Reynolds also apparently penned a guest editorial published in the name of a real war widow, wherein the author claimed that her late husband had been a war buddy of Kennings'.

To further attempt to turn her hoax into reality, Jaimie Reynolds would dial the Daily Egyptian newsroom and – unbeknown to DE staff – allegedly disguise her voice to pretend to be the fictional girl "Kodee Kennings" wanting to talk to staff.

Throughout the hoax, Jaimie Reynolds also passed herself off as the twin sister of the fictional "Colleen Hastings" and visited the Daily Egyptian newsroom alternating as either Jaimie or "Colleen." Reynolds was a broadcast-journalism student at Southern Illinois University and graduated in 2004, putting her in classes alongside Daily Egyptian staff.

==Exposure==
The hoax unraveled when Reynolds claimed in August 2005 that Kennings had died in Iraq. This news was published in the Egyptian, leading reporters from the Tribune to seek an interview with "Hastings." These reporters became suspicious when Reynolds routed interview requests through Brenner, who had become a close friend of hers.
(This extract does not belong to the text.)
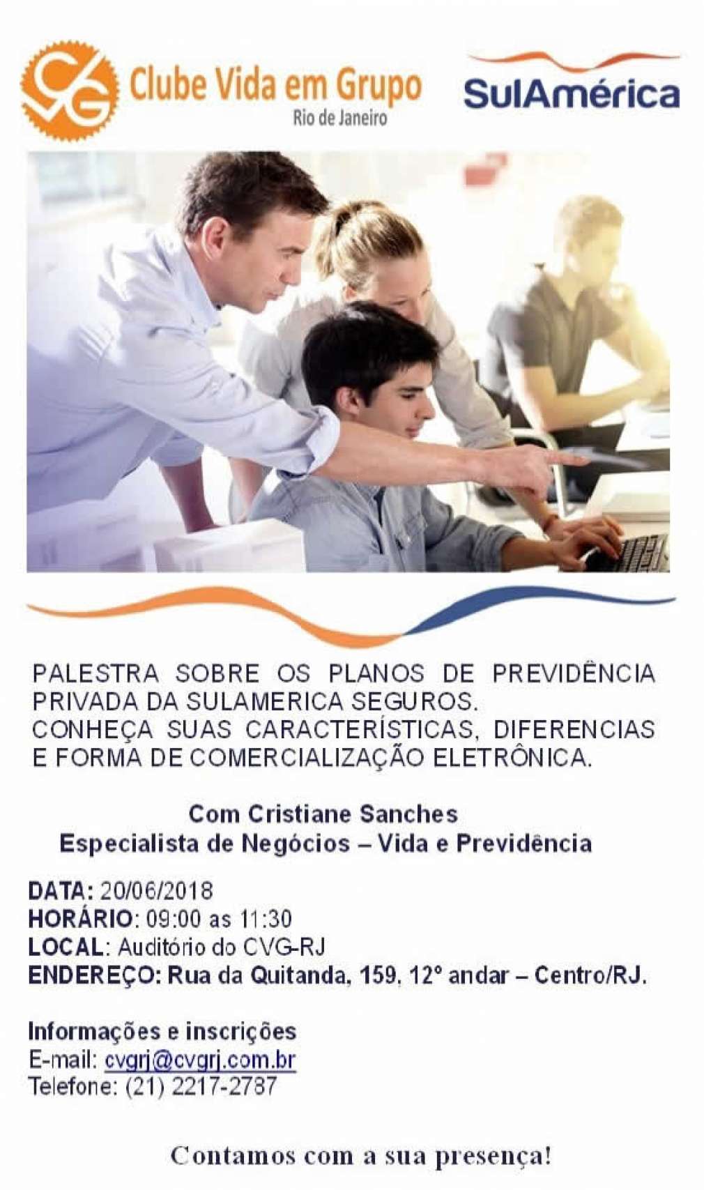 A especialista de negócios de Vida e Previdência da SulAmérica, Cristiane Sanches, vai realizar uma palestra na sede do Clube Vida em Grupo do Rio de Janeiro (CVG-RJ) no próximo dia 20 de junho.

Reynolds and Hadley (as "Hastings" and "Kodee"), along with members of the Egyptian staff, attended a memorial service arranged at the local American Legion outpost. After openly weeping at the service, Reynolds and Hadley met with Tribune reporters briefly at a restaurant, where they were told that media liaisons at The Pentagon were unable to confirm the existence of Kennings. Reynolds refused to provide any proof of Kennings' existence. Days later, reporters located her at her mother's home in Marion, Illinois, where she admitted to participating in the hoax.

Brenner was duped by Reynolds. After numerous articles in the Chicago Tribune, the Associated Press, the St. Louis Post-Dispatch and the Daily Egyptian itself, it appeared no crime was committed. The parents of Hadley were particularly upset, however and considered a restraining order against Reynolds.
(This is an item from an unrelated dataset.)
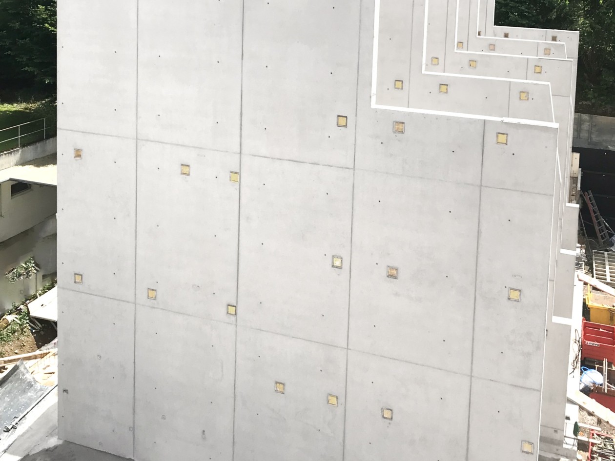 For the first three walls Hächler AG still used load cells and regularly checked the forces acting on the tie rods. With the chosen pouring method, the Mammut XT’s permissible fresh-concrete pressure of 100 kN/m² was, however, not exceeded. It was thus no longer necessary to install load cells.

Subsequent attempts to contact Reynolds after news of her hoax broke were unsuccessful. Reynolds went so far as to change the identity of her cell-phone voicemail from the fictional "Colleen Hastings" to "Blank Blank."

==Investigation==
The Daily Egyptian subsequently investigated the hoax that had been perpetrated on its own paper. In part due to that investigation, the Egyptian won the Illinois College Press Association's General Excellence Award in 2006, as well as first place in the Investigative Reporting category.